## What you have to do
Write out exactly, and only, the lines below from the line with "nền kem ngà" through the line with "Choose a Background"; pictures do not belong in the copy.

## Exercise material
--
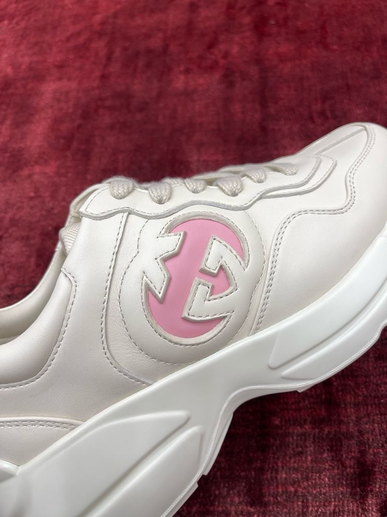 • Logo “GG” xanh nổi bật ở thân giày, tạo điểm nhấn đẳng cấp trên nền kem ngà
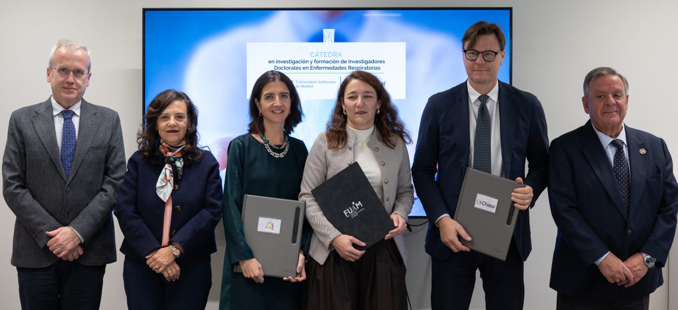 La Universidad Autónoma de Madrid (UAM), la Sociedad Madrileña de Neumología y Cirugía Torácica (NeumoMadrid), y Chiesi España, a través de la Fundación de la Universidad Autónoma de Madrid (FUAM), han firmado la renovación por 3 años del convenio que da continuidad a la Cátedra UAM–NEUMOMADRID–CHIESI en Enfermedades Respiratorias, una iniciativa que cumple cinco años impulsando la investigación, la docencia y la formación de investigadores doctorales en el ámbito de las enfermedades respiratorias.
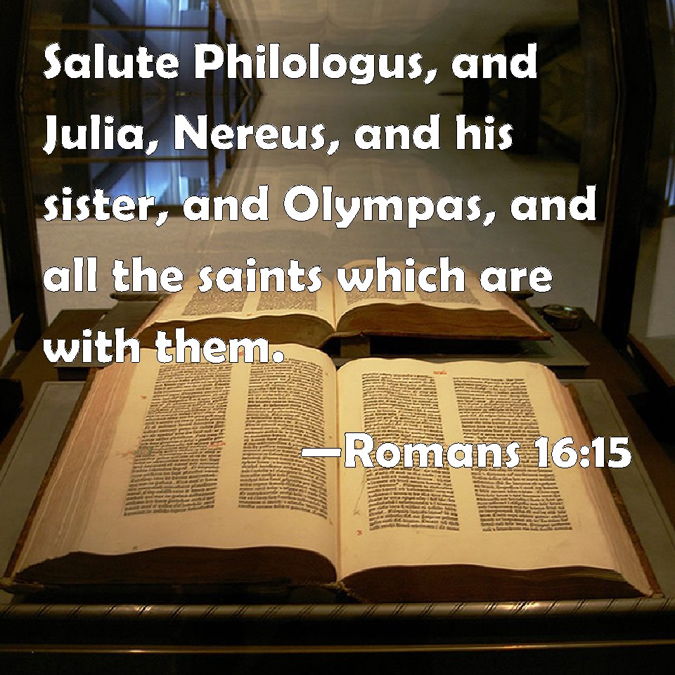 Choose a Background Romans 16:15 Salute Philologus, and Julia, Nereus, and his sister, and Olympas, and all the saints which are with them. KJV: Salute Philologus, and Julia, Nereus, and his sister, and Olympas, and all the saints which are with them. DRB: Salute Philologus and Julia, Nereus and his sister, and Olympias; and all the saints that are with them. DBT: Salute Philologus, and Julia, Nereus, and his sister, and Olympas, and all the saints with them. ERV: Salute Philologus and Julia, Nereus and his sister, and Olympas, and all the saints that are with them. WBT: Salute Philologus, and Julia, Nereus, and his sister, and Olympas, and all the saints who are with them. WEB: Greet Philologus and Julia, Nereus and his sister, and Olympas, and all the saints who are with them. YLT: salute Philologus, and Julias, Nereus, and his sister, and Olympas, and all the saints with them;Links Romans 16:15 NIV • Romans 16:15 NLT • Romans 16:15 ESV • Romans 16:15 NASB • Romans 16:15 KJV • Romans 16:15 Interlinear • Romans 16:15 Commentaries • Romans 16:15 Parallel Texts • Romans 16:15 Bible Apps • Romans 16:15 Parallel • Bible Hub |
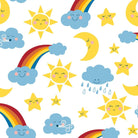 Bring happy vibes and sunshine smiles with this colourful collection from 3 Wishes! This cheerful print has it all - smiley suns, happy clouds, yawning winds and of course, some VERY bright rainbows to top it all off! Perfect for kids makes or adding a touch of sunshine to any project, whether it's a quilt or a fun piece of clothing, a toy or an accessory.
--
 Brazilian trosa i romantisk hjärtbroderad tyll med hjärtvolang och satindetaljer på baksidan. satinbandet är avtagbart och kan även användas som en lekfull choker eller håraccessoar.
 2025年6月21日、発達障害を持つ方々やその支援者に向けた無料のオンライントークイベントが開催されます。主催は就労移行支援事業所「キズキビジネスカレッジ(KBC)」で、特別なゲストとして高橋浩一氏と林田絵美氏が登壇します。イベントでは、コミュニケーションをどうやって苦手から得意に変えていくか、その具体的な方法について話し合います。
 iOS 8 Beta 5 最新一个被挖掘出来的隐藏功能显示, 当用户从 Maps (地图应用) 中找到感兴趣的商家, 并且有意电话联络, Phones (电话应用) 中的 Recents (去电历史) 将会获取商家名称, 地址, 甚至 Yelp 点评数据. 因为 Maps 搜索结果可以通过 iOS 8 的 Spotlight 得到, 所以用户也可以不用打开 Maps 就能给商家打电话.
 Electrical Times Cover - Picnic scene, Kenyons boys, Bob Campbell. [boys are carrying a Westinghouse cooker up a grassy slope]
--
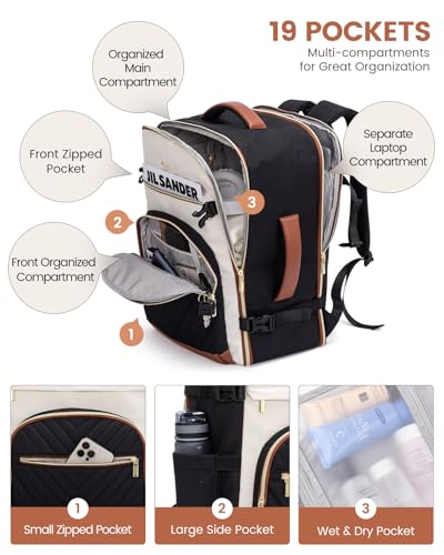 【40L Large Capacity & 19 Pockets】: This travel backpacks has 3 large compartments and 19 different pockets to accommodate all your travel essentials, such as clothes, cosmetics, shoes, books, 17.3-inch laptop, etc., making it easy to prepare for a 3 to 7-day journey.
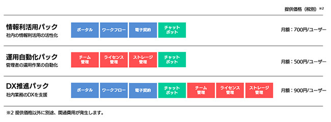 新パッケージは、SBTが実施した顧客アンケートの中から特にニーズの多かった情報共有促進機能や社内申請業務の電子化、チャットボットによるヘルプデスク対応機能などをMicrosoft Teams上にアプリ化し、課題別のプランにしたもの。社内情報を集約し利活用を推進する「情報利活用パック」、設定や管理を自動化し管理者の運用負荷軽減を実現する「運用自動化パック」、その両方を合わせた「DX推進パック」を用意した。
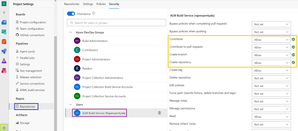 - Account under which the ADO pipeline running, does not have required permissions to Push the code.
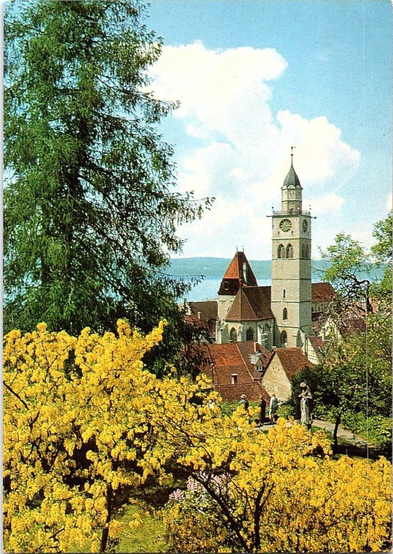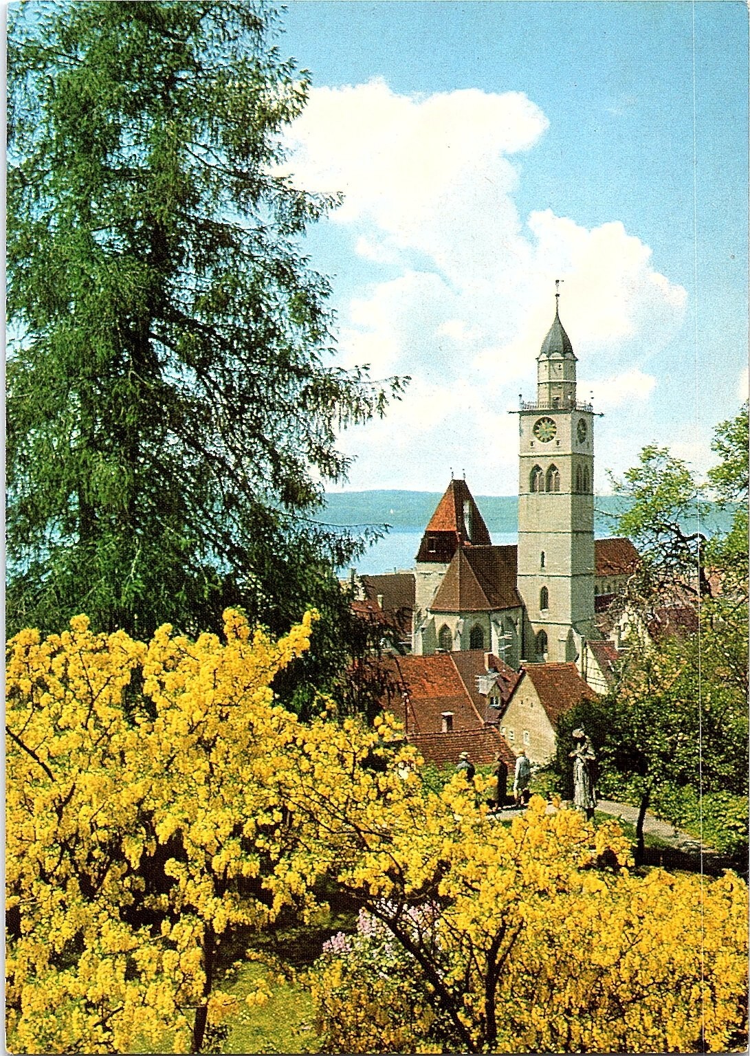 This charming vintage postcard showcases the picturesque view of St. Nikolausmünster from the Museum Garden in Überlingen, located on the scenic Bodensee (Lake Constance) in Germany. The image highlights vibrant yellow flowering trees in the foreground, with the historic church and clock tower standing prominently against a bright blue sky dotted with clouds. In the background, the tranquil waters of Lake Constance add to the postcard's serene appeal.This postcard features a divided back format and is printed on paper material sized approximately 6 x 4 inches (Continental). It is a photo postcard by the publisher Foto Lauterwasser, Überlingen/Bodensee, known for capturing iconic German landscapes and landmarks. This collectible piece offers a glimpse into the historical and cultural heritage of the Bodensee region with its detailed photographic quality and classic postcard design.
--
## Written answer
 • Logo “GG” xanh nổi bật ở thân giày, tạo điểm nhấn đẳng cấp trên nền kem ngà
 La Universidad Autónoma de Madrid (UAM), la Sociedad Madrileña de Neumología y Cirugía Torácica (NeumoMadrid), y Chiesi España, a través de la Fundación de la Universidad Autónoma de Madrid (FUAM), han firmado la renovación por 3 años del convenio que da continuidad a la Cátedra UAM–NEUMOMADRID–CHIESI en Enfermedades Respiratorias, una iniciativa que cumple cinco años impulsando la investigación, la docencia y la formación de investigadores doctorales en el ámbito de las enfermedades respiratorias.
 Choose a Background Romans 16:15 Salute Philologus, and Julia, Nereus, and his sister, and Olympas, and all the saints which are with them. KJV: Salute Philologus, and Julia, Nereus, and his sister, and Olympas, and all the saints which are with them. DRB: Salute Philologus and Julia, Nereus and his sister, and Olympias; and all the saints that are with them. DBT: Salute Philologus, and Julia, Nereus, and his sister, and Olympas, and all the saints with them. ERV: Salute Philologus and Julia, Nereus and his sister, and Olympas, and all the saints that are with them. WBT: Salute Philologus, and Julia, Nereus, and his sister, and Olympas, and all the saints who are with them. WEB: Greet Philologus and Julia, Nereus and his sister, and Olympas, and all the saints who are with them. YLT: salute Philologus, and Julias, Nereus, and his sister, and Olympas, and all the saints with them;Links Romans 16:15 NIV • Romans 16:15 NLT • Romans 16:15 ESV • Romans 16:15 NASB • Romans 16:15 KJV • Romans 16:15 Interlinear • Romans 16:15 Commentaries • Romans 16:15 Parallel Texts • Romans 16:15 Bible Apps • Romans 16:15 Parallel • Bible Hub |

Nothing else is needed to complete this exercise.